***** Dataset records *****

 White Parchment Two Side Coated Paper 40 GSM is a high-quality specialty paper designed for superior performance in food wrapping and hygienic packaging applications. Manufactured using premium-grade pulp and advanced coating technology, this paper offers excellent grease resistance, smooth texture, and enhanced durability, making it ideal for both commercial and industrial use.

*****
***** Dataset records *****

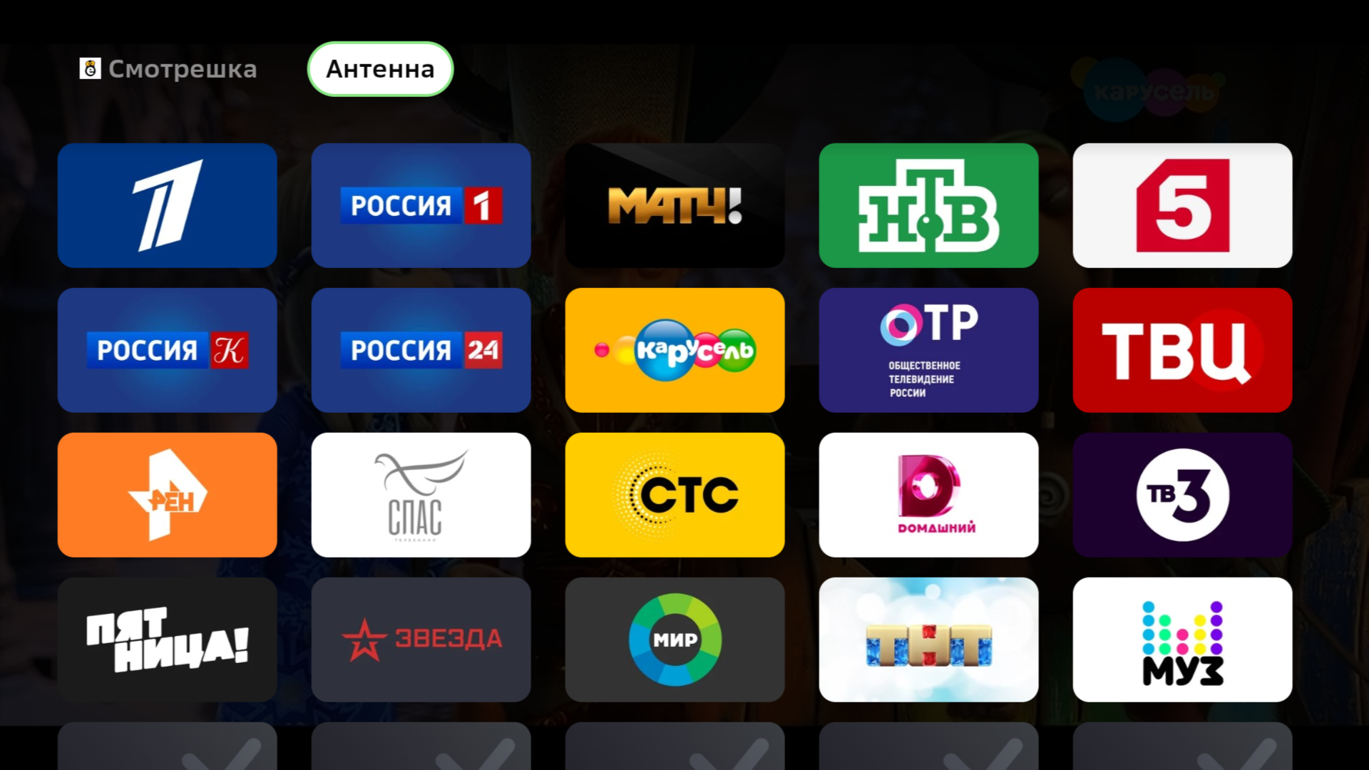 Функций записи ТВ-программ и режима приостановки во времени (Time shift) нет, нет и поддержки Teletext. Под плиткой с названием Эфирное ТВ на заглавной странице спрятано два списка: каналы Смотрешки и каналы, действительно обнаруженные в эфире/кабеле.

*****
***** Dataset records *****

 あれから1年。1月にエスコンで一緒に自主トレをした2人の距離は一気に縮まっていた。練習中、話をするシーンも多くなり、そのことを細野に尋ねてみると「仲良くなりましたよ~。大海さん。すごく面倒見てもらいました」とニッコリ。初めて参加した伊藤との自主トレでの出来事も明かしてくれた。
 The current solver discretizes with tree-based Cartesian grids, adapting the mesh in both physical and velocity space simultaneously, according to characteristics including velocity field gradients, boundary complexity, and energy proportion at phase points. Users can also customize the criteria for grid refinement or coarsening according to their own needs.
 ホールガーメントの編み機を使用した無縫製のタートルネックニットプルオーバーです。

*****

## Problem:
Every line above from the line with "The current solver" to the line with "ホールガーメントの編み機を使", both included, must be reproduced exactly, and no other line may appear.

## Worked solution:
 The current solver discretizes with tree-based Cartesian grids, adapting the mesh in both physical and velocity space simultaneously, according to characteristics including velocity field gradients, boundary complexity, and energy proportion at phase points. Users can also customize the criteria for grid refinement or coarsening according to their own needs.
 ホールガーメントの編み機を使用した無縫製のタートルネックニットプルオーバーです。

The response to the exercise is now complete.